▶ [Exercise]: Please set down, word for word, the line that contains "Мясо посыпаем щепоткой" and every line after it to the end of the entries below, omitting the pictures.

[Stored data]
■ ■ ■ ■

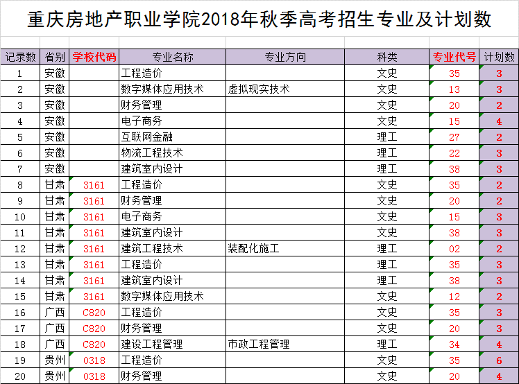 Kaiyun官方网站登录入口2018年重庆招生专业代号及计划数
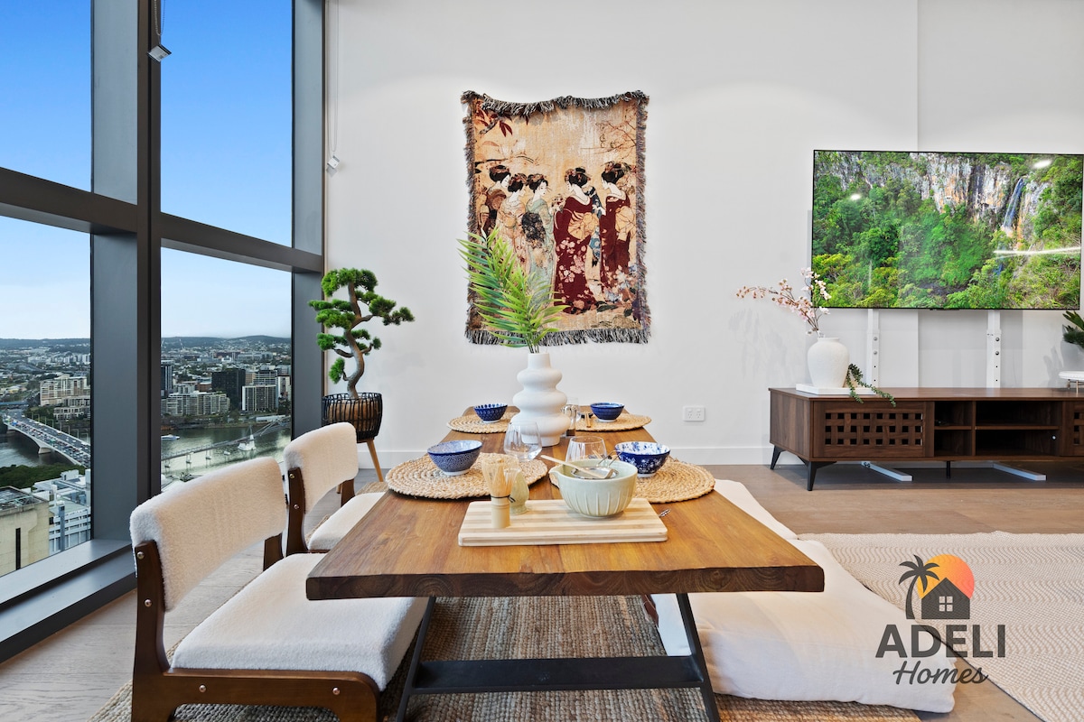 Soar above the city and unwind in serene, sky-high luxury at the New Queen’s Wharf. Perched on the 59th floor, this beautifully brand new curated apartment combines calming nature-inspired interiors with jaw-dropping, uninterrupted views of Brisbane’s skyline, river, and mountains. Step into a tranquil space where soft earthy tones, natural textures, and luxe finishes create the perfect retreat—whether you’re here for business, a romantic escape, or a peaceful getaway in the heart of the city.
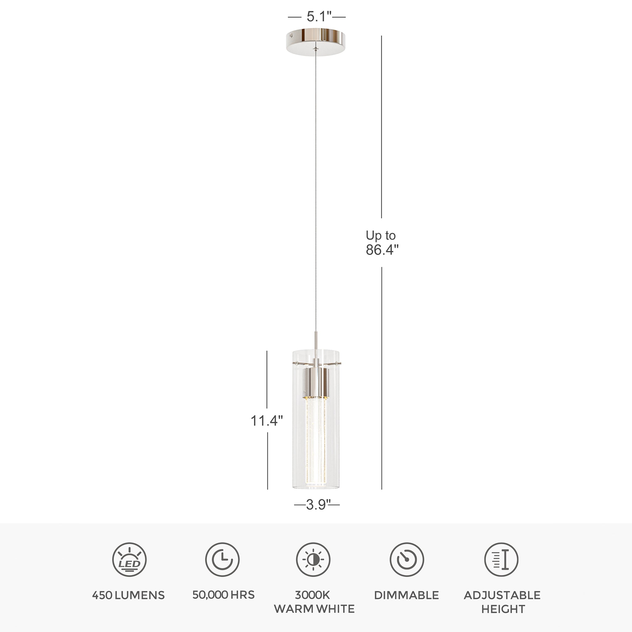 A refined LED pendant featuring a polished chrome structure with a clear outer glass and an inner layer of premium bubble glass. The layered design softens the LED light, creating a warm, luminous effect suitable for a wide range of interior settings.
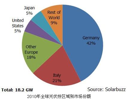 根據 Solarbuzz 最新年度光伏市場報告2011 Marketbuzz,2010年全球光伏市場安裝量達到18.2GW,相較于去年增幅139%。
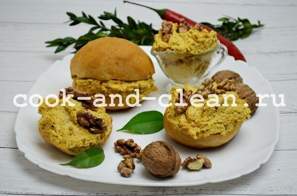 Мясо посыпаем щепоткой соли и обжариваем на кукурузном масле до готовности. Жарят индейку под крышкой на медленном огне, примерно 20-25 минут. Прямо в то масло, в котором жарилось мясо, кладем порезанный лук и натертую морковь. Можно добавить в сковородку 1-2 ложки масла, овощи должны хорошо подрумяниться. Ядра грецких орехов подсушиваем на сухой сковородке. Немного орехов оставляем для украшения паштета, а основную массу высыпаем в глубокую миску. Сверху кладем кусочки жареной индейки. Засыпаем мясо морк
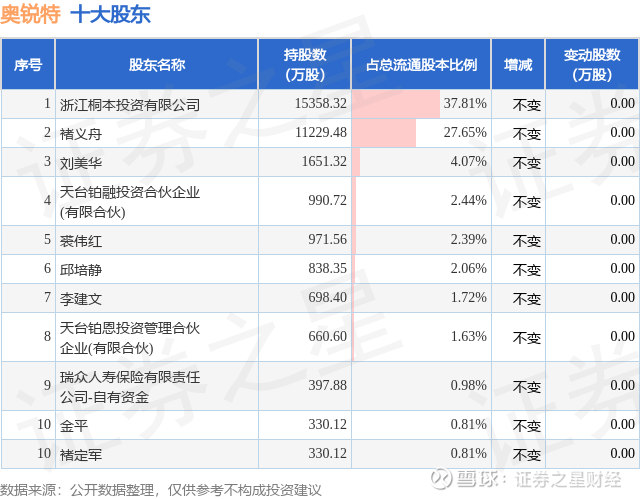 根据奥锐特2025年中报公布的十大股东详情如下:
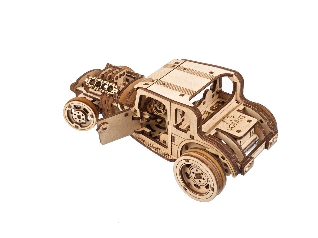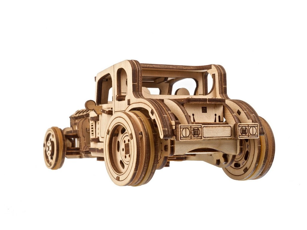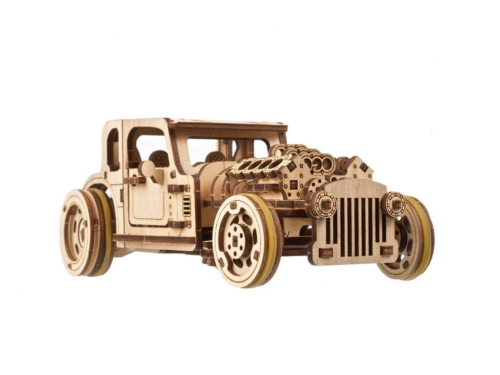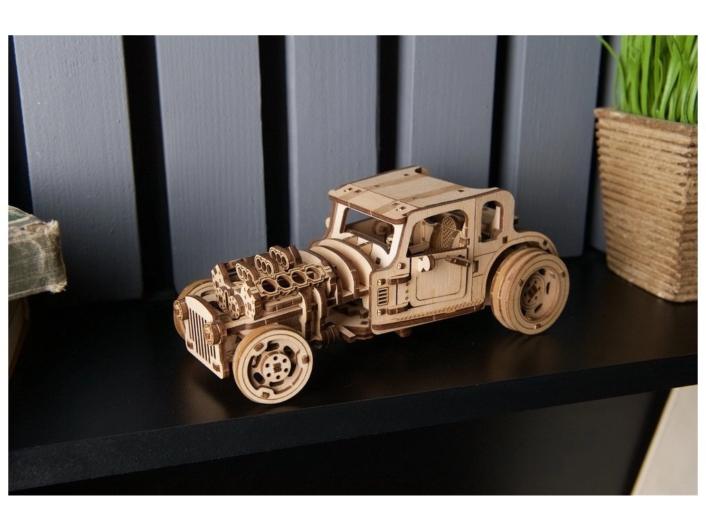 Model je osmišljen da zabavi i pri sastavljanju i pri vožnji. Nakon pažljivog “razrađivanja” podvozja uživat ćete u glatkom radu prijenosa i dinamičnom startu. U prirodnom drvu izgleda šik, a možete ga i obojiti po vlastitom stilu. Sjajan poklon za fanove hot rodova, mehanike i dizajna.
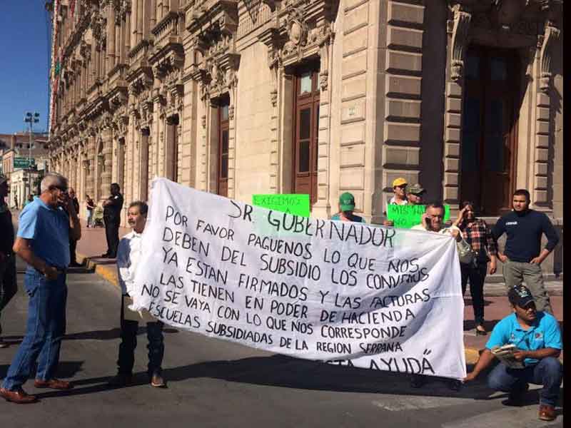 Con protesta frente a Palacio exigen el pago del adeudo de 15 millones de pesos, que no ha sido finiquitado
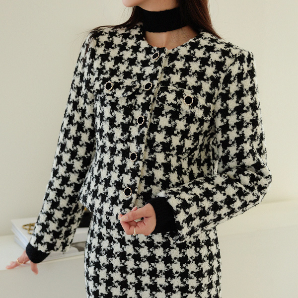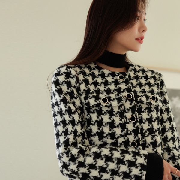 Bonjour Coco Check Wool Short Jacket
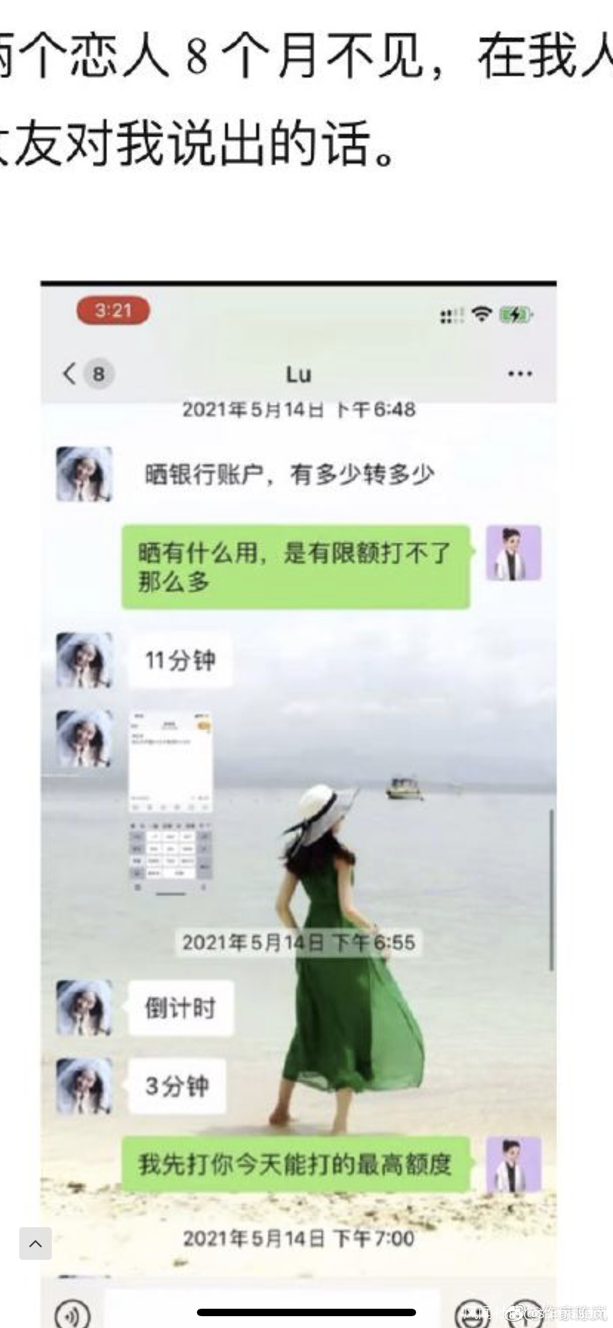 並在次日2021年5月14日,發消息勒令霍曬出自己銀行卡賬户餘額,然後全部轉給她。
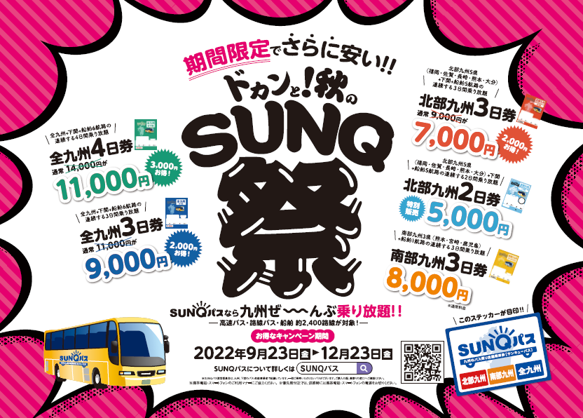九州・山口の47のバス・船舶事業者が加盟するSUNQパス運営委員会(事務局:西日本鉄道株式会社、運営委員長:宮﨑泰)では、2022年9月23日から12月23日までの期間、「ドカンと!秋のSUNQ祭」キャンペーンを実施します。

■ ■ ■ ■

▶ [Response to this exercise]:
 Мясо посыпаем щепоткой соли и обжариваем на кукурузном масле до готовности. Жарят индейку под крышкой на медленном огне, примерно 20-25 минут. Прямо в то масло, в котором жарилось мясо, кладем порезанный лук и натертую морковь. Можно добавить в сковородку 1-2 ложки масла, овощи должны хорошо подрумяниться. Ядра грецких орехов подсушиваем на сухой сковородке. Немного орехов оставляем для украшения паштета, а основную массу высыпаем в глубокую миску. Сверху кладем кусочки жареной индейки. Засыпаем мясо морк
 根据奥锐特2025年中报公布的十大股东详情如下:
 Model je osmišljen da zabavi i pri sastavljanju i pri vožnji. Nakon pažljivog “razrađivanja” podvozja uživat ćete u glatkom radu prijenosa i dinamičnom startu. U prirodnom drvu izgleda šik, a možete ga i obojiti po vlastitom stilu. Sjajan poklon za fanove hot rodova, mehanike i dizajna.
 Con protesta frente a Palacio exigen el pago del adeudo de 15 millones de pesos, que no ha sido finiquitado
 Bonjour Coco Check Wool Short Jacket
 並在次日2021年5月14日,發消息勒令霍曬出自己銀行卡賬户餘額,然後全部轉給她。
九州・山口の47のバス・船舶事業者が加盟するSUNQパス運営委員会(事務局:西日本鉄道株式会社、運営委員長:宮﨑泰)では、2022年9月23日から12月23日までの期間、「ドカンと!秋のSUNQ祭」キャンペーンを実施します。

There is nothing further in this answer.